Yeah, maybe not when it’s just about to be bedtime though…!

There is definitely a lot interesting discussion about how to fairly schedule tasks. One nice property is that any changes to the scheduling algorithm are self contained. The actual tasks don’t change. It should make for tidy experiments.

One more thought before I go to bed… we’ve got a 60MHz CPU, I suspect it spends a large amount of time doing nothing. I wonder if we could use that idle time (i.e. no events in the queue) to do optimistic updates of CV slews and trigger times, or something else even.

2 Likes

update: it appears i changed the i2c interrupt priority in the wrong file, so my change from 3 to 1 didn’t have any effect. if i do change it in the correct location (libavr32\conf\conf_twi.h) i can get it to freeze very quickly.

this gives more weight again to my previous theory, i2c exchanges getting interrupted cause the system to lock, and the i2c code isn’t very resilient to that. so instead i reverted the i2c priority to 3 and changed both the trigger and timer interrupts to 2. this version proved to be stable so far - it ran over 14 hours with no issues, until i stopped it.

to remove one of the variables i also disconnected ansible from i2c, so the test above didn’t include any ansible remotes. i now reconnected ansible and added some remotes to metro. running it on 2ms (!) metro with no issues so far. at such a high rate keyboard response is not very reliable, takes a few times to register each keypress, but it still works.

what i’m planning to do next:

  • update ansible to use the same libavr32 code
  • try reverting some of the other changes i made to see if they make a difference as well (triggers ISR change)
  • look into updating SPI code to be more atomic
  • increase i2c rate.

i’ve pushed my code to git:


https://github.com/monome/libavr32/tree/irqs (just realized i branched in monome repo. d’oh!)

… and it just locked. double d’oh!

4 Likes

If you hit delete branch in the web UI, it will be as if it never happened.

Otherwise…


In this commit:

Reordering stack local variables after the IRQ mask won’t make a difference. AFAIK there is no danger of those variables being overwritten by another thread with a call to the same function. Each function invocation will have it’s own stack frame. It’s only static and global variables that you need to worry about.


Did this change make much difference? Which appears to be a reversion of this commit, which I’ll be honest I made on the off chance that it improved performance.

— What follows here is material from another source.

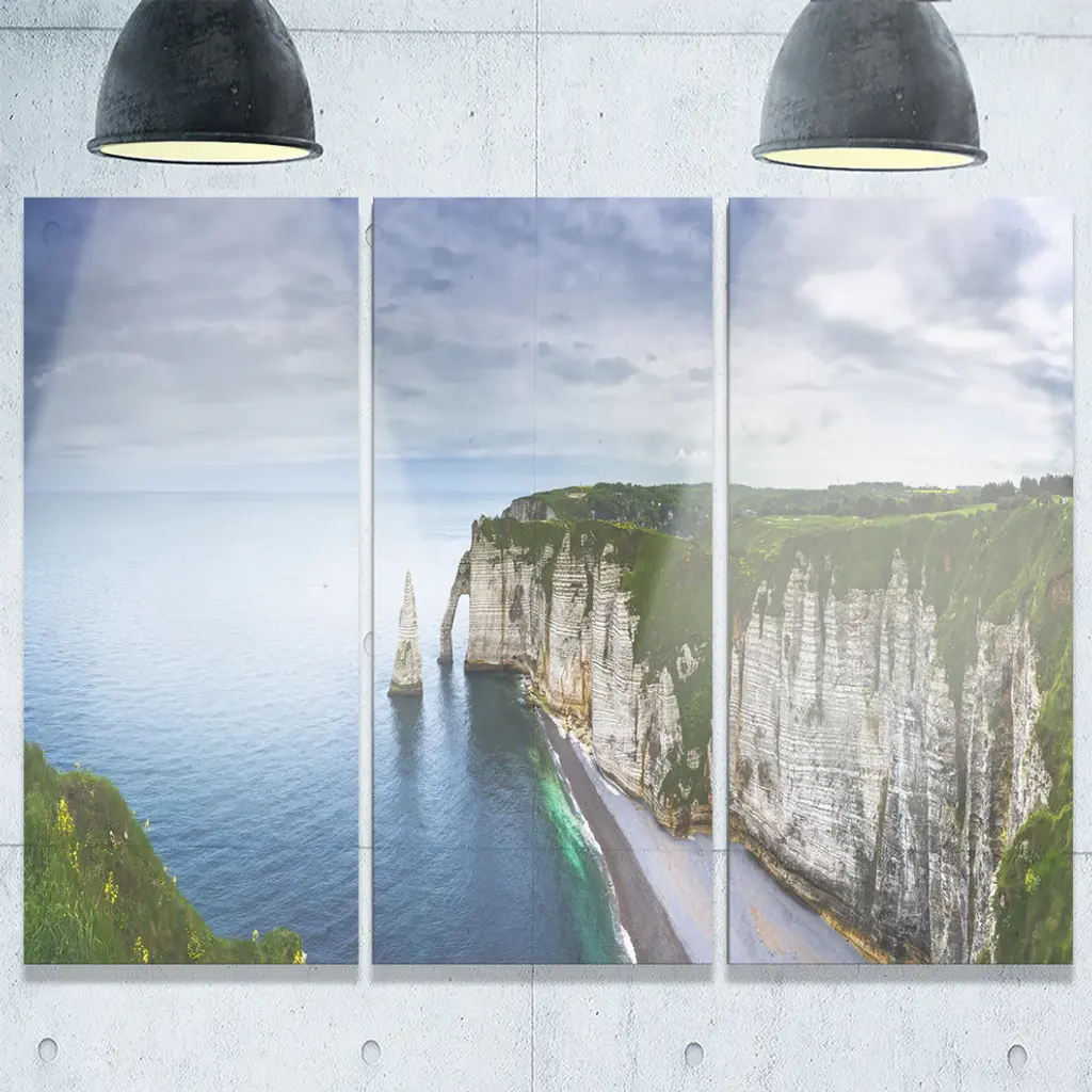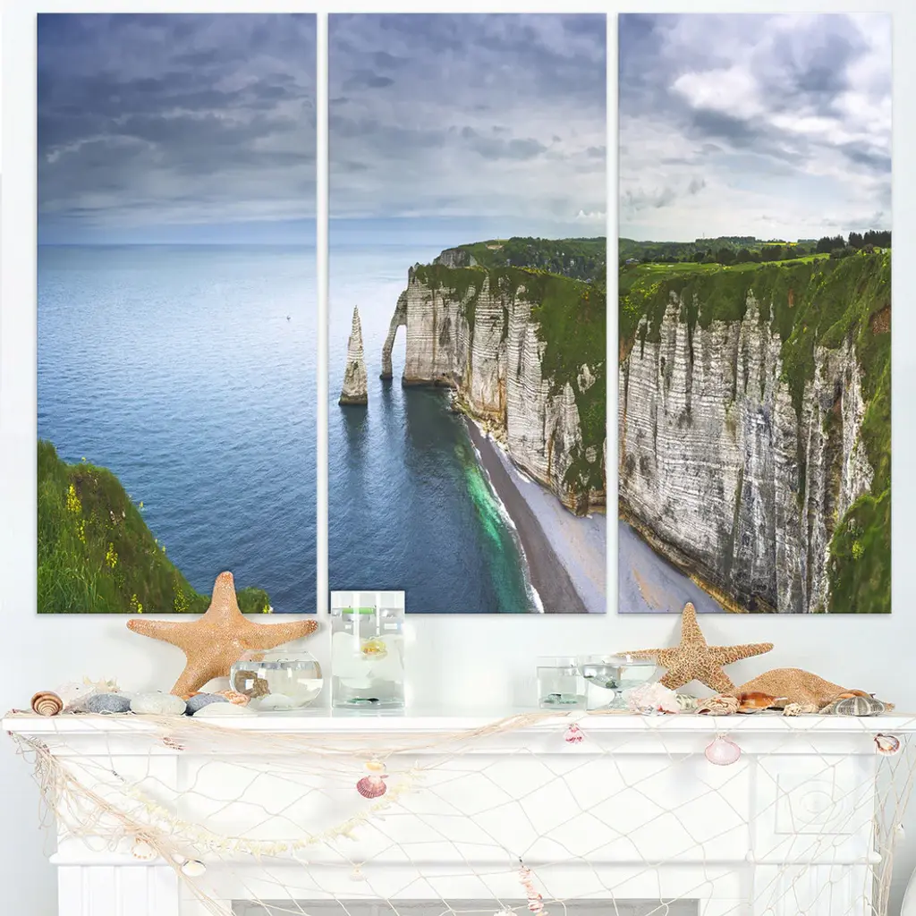 "Etretat Aval Cliff And Rocks" Oversized Beach Metal Wall Art, 3 Panels, 36"x28"

To what extent is the code just WIP experiments so that we can follow along? (i.e. should I be nagging you about putting a .c file in the conf directory?)

1 Like

i’ll transfer it at a later point. or maybe i should just leave it there until it’s ready for merge - wouldn’t that commit history disappear if i delete the branch without merging? and there are already commits in my tt branch referencing those.

iirc my worry was compiler reordering operations, but yeah in this case doesn’t make a difference. doesn’t hurt either though.

in one of my tests it did but i plan to test reverting it back to what you had. this is from the exploratory testing i did when i was changing multiple things, so it’s possible it only made a difference together with some other changes.

at this point yeah, mostly WIP. style/refactoring comments will be probably easier for me to track when i do a proper PR. i’ll transfer the 2 functions from /conf to /src

2 Likes

Just push it to your own fork on GitHub instead. (.gitmodules is only about the initial checkout, you can manually add a remote inside the sub module)

I can go into this further if you want?

:thumbsup:

If you do keep this change:

static volatile irqflags_t irq_flags;

void irqs_pause( void ) {
  irq_flags = cpu_irq_save();
}

void irqs_resume( void ) {
  cpu_irq_restore(irq_flags);
}

It might be wise to return irq_flags rather than save it in a global. I’d be worried about nested calls to irqs_pause otherwise.

3 Likes

that’s what i did, i have a remote added in the submodule and i have a branch in that remote i’m using for libavr32 changes. but somehow i missed the fact i created it in monome repo instead of my own. at this point i can probably just create another branch on top of monome/irqs, and just make sure that’s what i have checked out in the submodule folder, and no changes will be needed in my tt branch - correct?

this was my worry also. but then you should never have a condition where these calls are nested since all irqs are disabled.

i thought i did this because there were some cases where they don’t get called from the same function, but looking now i don’t see it, i’ll change as you suggest - agreed it’s a better way!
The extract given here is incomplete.